Introduction

Drought is an environmental disaster that occurs around the world, and it happens when precipitation is less than a specified amount for a period of time. It has widely negative impact on economy, agriculture, water resources, tourism, and ecosystems (Dai 2013; Maca and Pech 2015; Wambua et al. 2016). Some arid or semi-arid regions in Iran are among the most vulnerable to the impacts of weather variation and drought. On this matter, it is necessary to find out the most effective solution for exact drought prediction to reduce its harmful effects on the nature and environment. The aim of this research indicates that artificial intelligence techniques have been widely used for drought prediction. The standard precipitation index (SPI) is used extensively to forecast drought within certain time scales of precipitation, and this index is developed by (McKee et al. 1993). The SPI demonstrates the severity and probability of drought phenomenon, that the more negative values of SPI indicate to severe drought, while positive values illustrate wet condition (Lloyd-Hughes and Saunders 2002; Barker et al. 2016). Other indices like Palmer Drought Severity Index (PDSI) and Standardized Precipitation Evapotranspiration Index (SPEI) have been extended to observe, forecast, and evaluate the severity of drought (Palmer 1965; McKee et al. 1993; Paulo et al. 2012; Moreira et al. 2016).

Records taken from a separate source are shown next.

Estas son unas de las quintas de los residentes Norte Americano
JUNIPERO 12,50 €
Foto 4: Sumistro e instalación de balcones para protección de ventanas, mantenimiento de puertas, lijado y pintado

The new techniques of artificial intelligence such as ANN, ANFIS, and SVM have been recently accepted as impressive alternative tools for drought forecasting (Shirmohammadi et al. 2013).

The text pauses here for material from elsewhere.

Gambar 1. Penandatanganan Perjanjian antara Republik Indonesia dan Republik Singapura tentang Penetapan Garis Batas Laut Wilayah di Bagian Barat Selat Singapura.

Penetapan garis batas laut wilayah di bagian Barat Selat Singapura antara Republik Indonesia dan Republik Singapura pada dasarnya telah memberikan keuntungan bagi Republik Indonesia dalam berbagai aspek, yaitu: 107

A functional method of drought forecasting is presented by artificial neural networks (ANNs). This model is a nonlinear algorithm and is used for solving the system modeling problems (Rezaeianzadeh et al. 2016; Sepahi et al. 2016). ANFIS is a type of artificial intelligence model that is classified as a system theoretical model and is able to create an acceptable simulation of complicated and nonlinear processes even when the data are infrequent (Kadhim 2011; Akbari and Vafakhah 2016). Also, SVM is a new machine learning method often claimed as a best model dealing with intricate classification problems (Ghosh et al. 2014; Suess et al. 2015).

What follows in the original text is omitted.